Multitargeting Pt(IV) Derivatives of Cisplatin or Oxaliplatin Inhibit Tumor Growth in Mice without Inducing Neuropathic Pain

Tomer Babu; Ram Pravin Kumar Muthuramalingam; Wei Heng Chng; Jia Ning Nicolette Yau; Sourav Acharya; Nurit Engelmayer; Rachel Feldman-Goriachnik; Shaya Lev; Giorgia Pastorin; Alexander Binshtok; Menachem Hanani; Dan Gibson

doi:10.1021/acs.jmedchem.4c02263

Multitargeting Pt(IV) Derivatives of Cisplatin or Oxaliplatin Inhibit Tumor Growth in Mice without Inducing Neuropathic Pain

Tomer Babu, Ram Pravin Kumar Muthuramalingam, Wei Heng Chng, Jia Ning Nicolette Yau, Sourav Acharya, Nurit Engelmayer, Rachel Feldman-Goriachnik, Shaya Lev, Giorgia Pastorin^*, Alexander Binshtok^*, Menachem Hanani^*, Dan Gibson^*

^*Corresponding author for this work

Research output: Contribution to journal › Article › peer-review

Abstract

Cisplatin and oxaliplatin are Pt(II) anticancer agents that are used to treat several cancers, usually in combination with other drugs. Their efficacy is diminished by dose-limiting peripheral neuropathy (PN) that affects ∼70% of patients. PN is caused by selective accumulation of the platinum drugs in the dorsal root ganglia (DRG), which overexpress transporters for cisplatin and oxaliplatin.
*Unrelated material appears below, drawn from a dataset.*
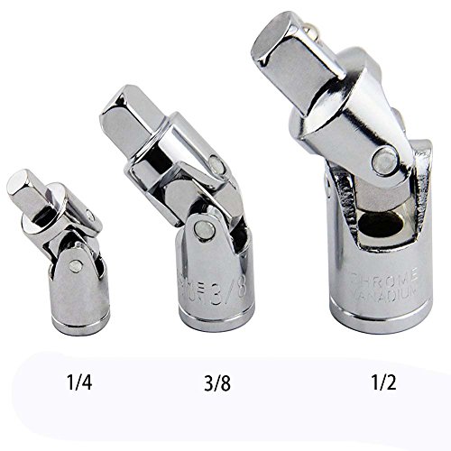 Kinsports Impact Universal Joint Set,use with Impact Wrenches and Drills in Auto and Construction Work Set Adapter Sizes,1/4, 3/8 and 1/2-Inch Drive,3-Piece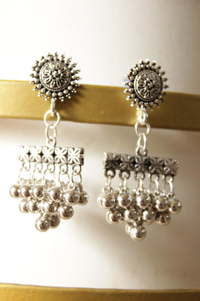 Ghungroo Beads Embellished Oxidised Finish Sun Motif Dangler Earrings is backordered and will ship as soon as it is back in stock.

To date, no drug is recommended for the prevention of PN. We report that Pt(IV) prodrugs of cisplatin or oxaliplatin do not induce neuropathic pain in mice, likely due to the lower accumulation of platinum in the DRG compared with Pt(II) drugs. Moreover, the multitargeting prodrug that combines cisplatin with paclitaxel, both strong inducers of PN, efficiently inhibited tumor growth in vivo without inducing neuropathic pain. The high antitumor efficacy of Pt(IV) prodrugs and their micellar counterparts and the low level of neuropathic pain associated with them make them ideal candidates for clinical use in cancer therapy.

Original language	English
Journal	Journal of Medicinal Chemistry
DOIs	https://doi.org/10.1021/acs.jmedchem.4c02263
State	Accepted/In press - 2025

Bibliographical note

Publisher Copyright:
© 2025 The Authors. Published by American Chemical Society.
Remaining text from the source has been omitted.